(TASK PROMPT):
Return the listing verbatim, images left out.

(MATERIAL FOR THIS TASK):
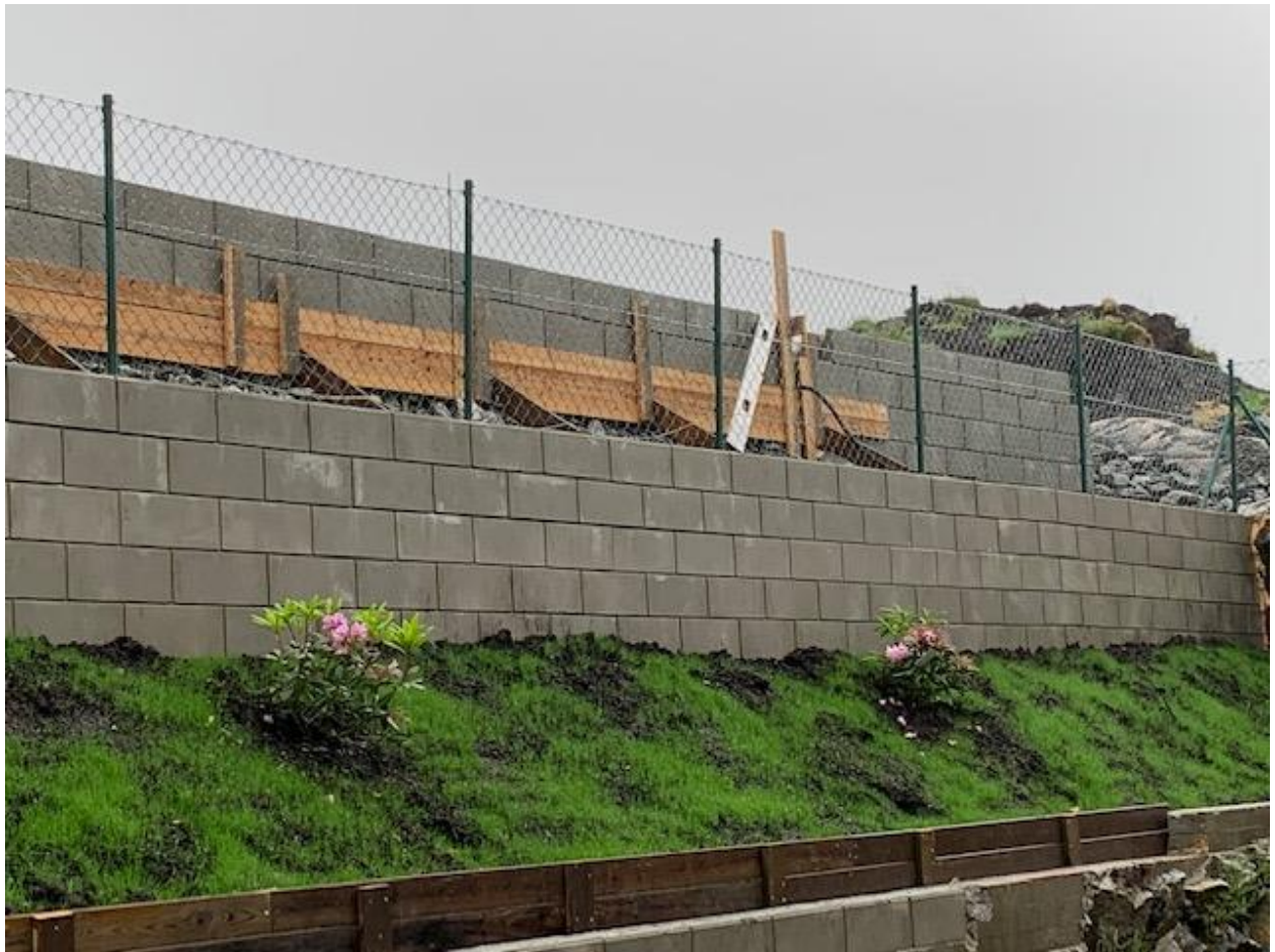
Bilde 3 viser mur nr. 3
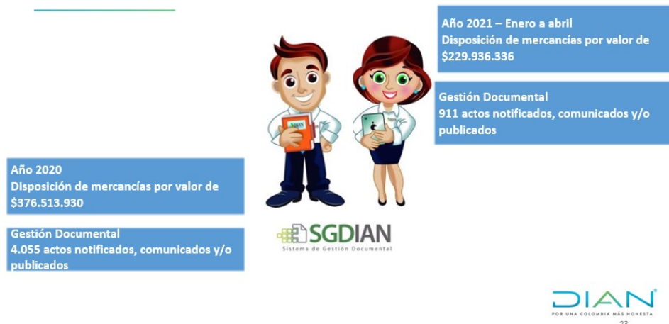
Ilustración 12. Gestión 2020 y 1er cuatrimestre 2021 - Disposiciones y Notificaciones

Durante el año 2020, la Seccional Ibagué notificó, comunicó y/o publicó 4.055 actos. Para lo corrido del año 2021 (enero- abril) se tienen, 911 actos notificados, comunicados y/o publicados.
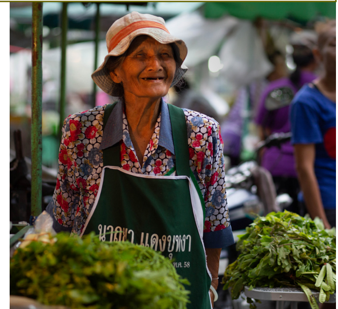
แรงงานนอกระบบจำนวนมากในไทยเริ่มทำงานตั้งแต่อายุยังน้อย และทำต่อเนื่องไปจนอายุเกิน 65 ปี
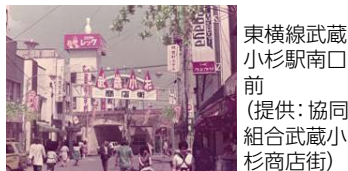
東横線武蔵小杉駅南口前

①「春が来た」/かわさき多摩川ふれあいロード ②「ニヶ領用水で夏の思い出、灯籠流し」/ニヶ領用水 ③「残葉」/全龍寺 ④「わくわく雪景色」/等々力緑地
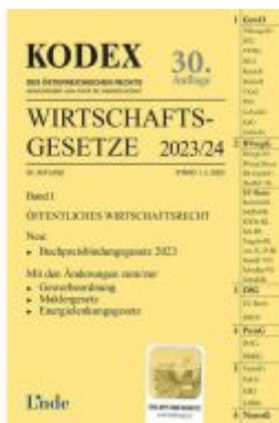
KODEX Wirtschaftsgesetze Band I 2023/24 Ladenpreis: 62,00EUR
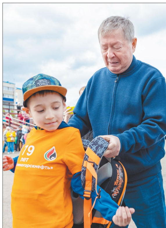
В день праздника нефтяники поощрили грантами отличившихся учеников и педагогов подшефных СПК школ, Лениногорского детского дома и нефтяного техникума

В нашу повседневную реальность стремительно врывается
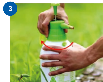
3 Enroscar la tapa al frasco.
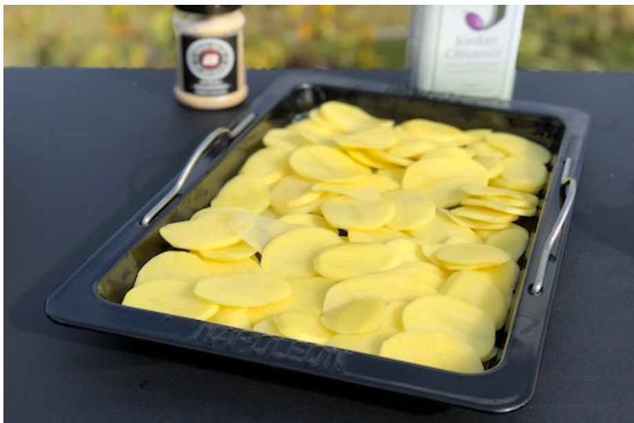
Napoleon Drop-in Stegeplade med skive skårene kartofler

7. Nu fordeler du dine kartoflerskiver ud i fadet.
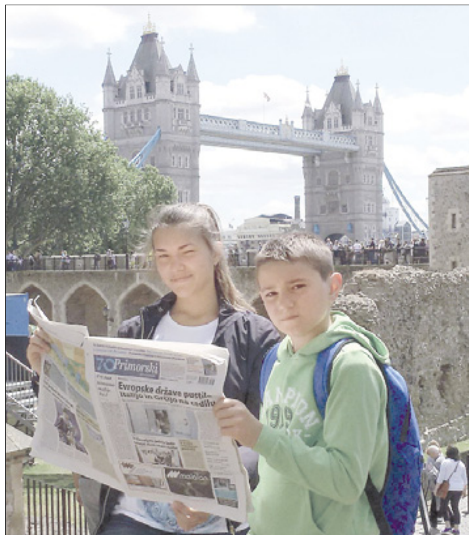
S Primorskim dnevnikom v Londonu
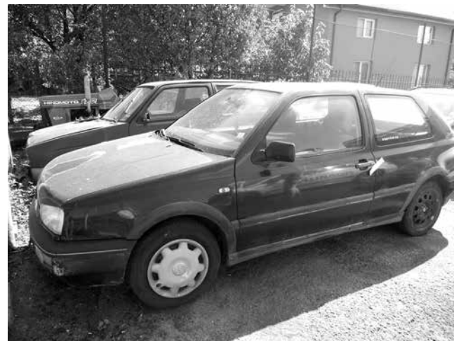
„Фолксваген Голф“ в Руен за 1000 лева е една от колите, които приходната агенция обявя на търг

Защо обаче след толкова много иззети автомобили НАП пуска на търг едва два? Специалисти отговарят пред изданието ни, че със сигурност става въпрос за първите
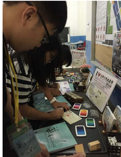
學生踴躍參與「I LOVE 馬華文學與臺灣」DIY 蓋印活動
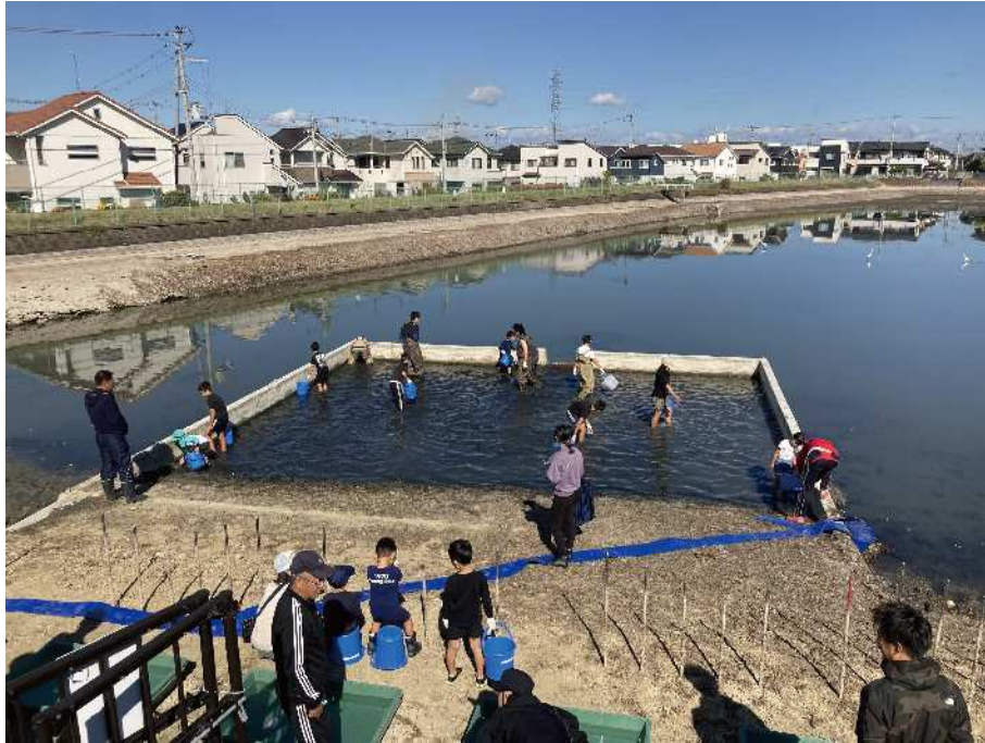
〔魚のつかみどり大会（播磨町 北池）〕

ため池は農業用水を安定的に供給する機能以外に洪水調整、土砂流出防止、生物の生息・生育場所の保全や地域の憩いの場といった多面的な機能を持つ地域の貴重な財産です。その財産を守るため、県内各地でため池クリーンキャンペーンが実施されています。今回は播磨町の北池で行われた活動を紹介いたします。
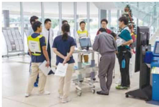
トリアージエリア設置の現場ミーティング

建物の損壊が発生するような大規模災害の場合、カルテや薬歴などの患者情報が失われる可能性があります。そんな時にお薬手帳は患者さんの状況把握、適切な医療と医薬品の提供に有用な情報源となります。避難の際には忘れずに持ち出すようにしてください。
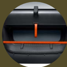
FILETS DE PORTE
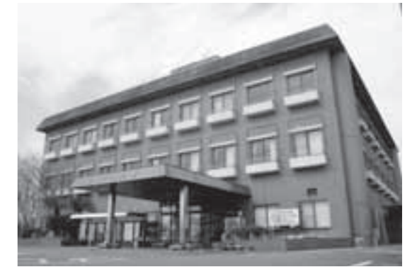
土曜診療が休診となるえびの市立病院。

平成22年4月1日から、えびの市立病院の診療体制が一部変更になりますので、お知らせいたします。 大学病院の深刻な医師不足の中で、内科が一部非常勤となり、これまで行ってきた土曜診療を、当分の間、休診とさせていただきます。また、午後診療につきましては、月曜日と水曜日の内科の予約のみとさせていただきます(救急患者につきましては、従来どおり受け入れます)。 生活習慣病・人間ドック等の健康審査業務も、これまで実施してきた件数を行うことが厳しい状況となりました。 平日の診療体制につきましては、下表のとおりとさせていただきます。 市民の皆さんには、大変ご迷惑をおかけしますが、医師が充足するまでの間、ご理解とご協力をいただきますよう、よろしくお祈いします。
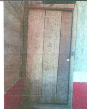
Foto 4: Sustrucción de puerta de madera por metal de 2.10mtrs de alto y 1.10 de ancho

(TASK RESPONSE):
Bilde 3 viser mur nr. 3
Ilustración 12. Gestión 2020 y 1er cuatrimestre 2021 - Disposiciones y Notificaciones

Durante el año 2020, la Seccional Ibagué notificó, comunicó y/o publicó 4.055 actos. Para lo corrido del año 2021 (enero- abril) se tienen, 911 actos notificados, comunicados y/o publicados.
แรงงานนอกระบบจำนวนมากในไทยเริ่มทำงานตั้งแต่อายุยังน้อย และทำต่อเนื่องไปจนอายุเกิน 65 ปี
東横線武蔵小杉駅南口前

①「春が来た」/かわさき多摩川ふれあいロード ②「ニヶ領用水で夏の思い出、灯籠流し」/ニヶ領用水 ③「残葉」/全龍寺 ④「わくわく雪景色」/等々力緑地
KODEX Wirtschaftsgesetze Band I 2023/24 Ladenpreis: 62,00EUR
В день праздника нефтяники поощрили грантами отличившихся учеников и педагогов подшефных СПК школ, Лениногорского детского дома и нефтяного техникума

В нашу повседневную реальность стремительно врывается
3 Enroscar la tapa al frasco.
Napoleon Drop-in Stegeplade med skive skårene kartofler

7. Nu fordeler du dine kartoflerskiver ud i fadet.
S Primorskim dnevnikom v Londonu
„Фолксваген Голф“ в Руен за 1000 лева е една от колите, които приходната агенция обявя на търг

Защо обаче след толкова много иззети автомобили НАП пуска на търг едва два? Специалисти отговарят пред изданието ни, че със сигурност става въпрос за първите
學生踴躍參與「I LOVE 馬華文學與臺灣」DIY 蓋印活動
〔魚のつかみどり大会（播磨町 北池）〕

ため池は農業用水を安定的に供給する機能以外に洪水調整、土砂流出防止、生物の生息・生育場所の保全や地域の憩いの場といった多面的な機能を持つ地域の貴重な財産です。その財産を守るため、県内各地でため池クリーンキャンペーンが実施されています。今回は播磨町の北池で行われた活動を紹介いたします。
トリアージエリア設置の現場ミーティング

建物の損壊が発生するような大規模災害の場合、カルテや薬歴などの患者情報が失われる可能性があります。そんな時にお薬手帳は患者さんの状況把握、適切な医療と医薬品の提供に有用な情報源となります。避難の際には忘れずに持ち出すようにしてください。
FILETS DE PORTE
土曜診療が休診となるえびの市立病院。

平成22年4月1日から、えびの市立病院の診療体制が一部変更になりますので、お知らせいたします。 大学病院の深刻な医師不足の中で、内科が一部非常勤となり、これまで行ってきた土曜診療を、当分の間、休診とさせていただきます。また、午後診療につきましては、月曜日と水曜日の内科の予約のみとさせていただきます(救急患者につきましては、従来どおり受け入れます)。 生活習慣病・人間ドック等の健康審査業務も、これまで実施してきた件数を行うことが厳しい状況となりました。 平日の診療体制につきましては、下表のとおりとさせていただきます。 市民の皆さんには、大変ご迷惑をおかけしますが、医師が充足するまでの間、ご理解とご協力をいただきますよう、よろしくお祈いします。
Foto 4: Sustrucción de puerta de madera por metal de 2.10mtrs de alto y 1.10 de ancho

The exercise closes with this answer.